We deal with the multiple output regression task where the central theme is to capture the sparse output correlation among the output variables. Sparse inverse covariance learning of linear Gaussian conditional models has been recently studied, shown to achieve superb prediction performance. However, it can fail when the underlying true input–output process is non-Gaussian and/or non-linear. We introduce a novel sparse conditional copula model to represent the joint density of the output variables. By incorporating a Gaussian copula function, yet modeling univariate marginal densities by (non-Gaussian) mixtures of experts, we achieve high flexibility in representation that admits non-linear and non-Gaussian densities. We then propose a sparse learning method for this copula-based model that effectively imposes sparsity in the conditional dependency among output variables. The learning optimization is efficient as it can be decomposed into gradient-descent marginal density estimation and the sparse inverse covariance learning for the copula function. Improved performance of the proposed approach is demonstrated on several interesting image/vision tasks with high dimensions.

Introduction

We consider the multiple output (or vector output) regression problem where the goal is to predict multiple response variables from input covariates. Contrary to the conventional single (scalar) output regression in statistics and machine learning fields, the central aspect is to capture the statistical correlation among the output variables efficiently. In this sense, the simple strategy of applying single output regression estimation independently for each of the output variables is considered to be suboptimal since it completely ignores the output correlation in learning a predictive model. In the machine learning literature, there has been considerable recent research work on estimating more accurate multiple output regressors beyond the independent treatment [1], [2], [3].
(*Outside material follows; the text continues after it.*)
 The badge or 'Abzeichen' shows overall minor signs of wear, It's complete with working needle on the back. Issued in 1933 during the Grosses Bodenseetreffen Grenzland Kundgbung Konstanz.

In the practitioner׳s point of view, effective output correlation modeling in regression is highly beneficial for several application problem. For instance, for the task of denoising hand-written character images, the output vector comprises of pixel intensities of a character image, in which neighboring dimensions tend to have similar values (as either foreground character pixels or background), clearly exhibiting strong conditional dependency patterns among the output variables. Also in computer vision, in the motion estimation problem predicting motions for next few frames, an instance of typical forecasting problems, as the image features at two consecutive frames typically conform to the motion smoothness constraint, the data contain high statistical correlation among the output variables.

However, for situations where the input/output data are high dimensional, one has to trade off the faithful output correlation modeling against model complexity. One sensible approach is to confine the model parameter space with sparseness constraints, which motivates the recently emerging sparse inverse covariance estimation [4], [5], [6], [7], [8], [9]. Under the Gaussian random field models (either joint or conditional densities), these approaches attempt to impose the sparseness of the inverse covariance matrix based on the following fact: a Gaussian density factorizes into pairwise potentials on output variables (say, yi and yj), with the corresponding coefficient equal (up to constant) to the (i,j) component of the inverse covariance matrix. Therefore, having many zero entries in the inverse covariance leads to a loose statistical dependency structure.
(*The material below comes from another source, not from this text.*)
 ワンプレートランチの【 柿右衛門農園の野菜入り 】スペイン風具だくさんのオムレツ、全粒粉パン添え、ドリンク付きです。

While the sparse inverse covariance estimation has achieved superb prediction performance, the main weak point is that most approaches are built on the strong assumption of linear Gaussianity of output given input. Although the assumption leads to convex optimization, the linear Gaussian model family is less flexible and considerably restricted in representational capacity. In the sequel, when the true data generating process is far from linear Gaussian, it may suffer from inaccurate prediction.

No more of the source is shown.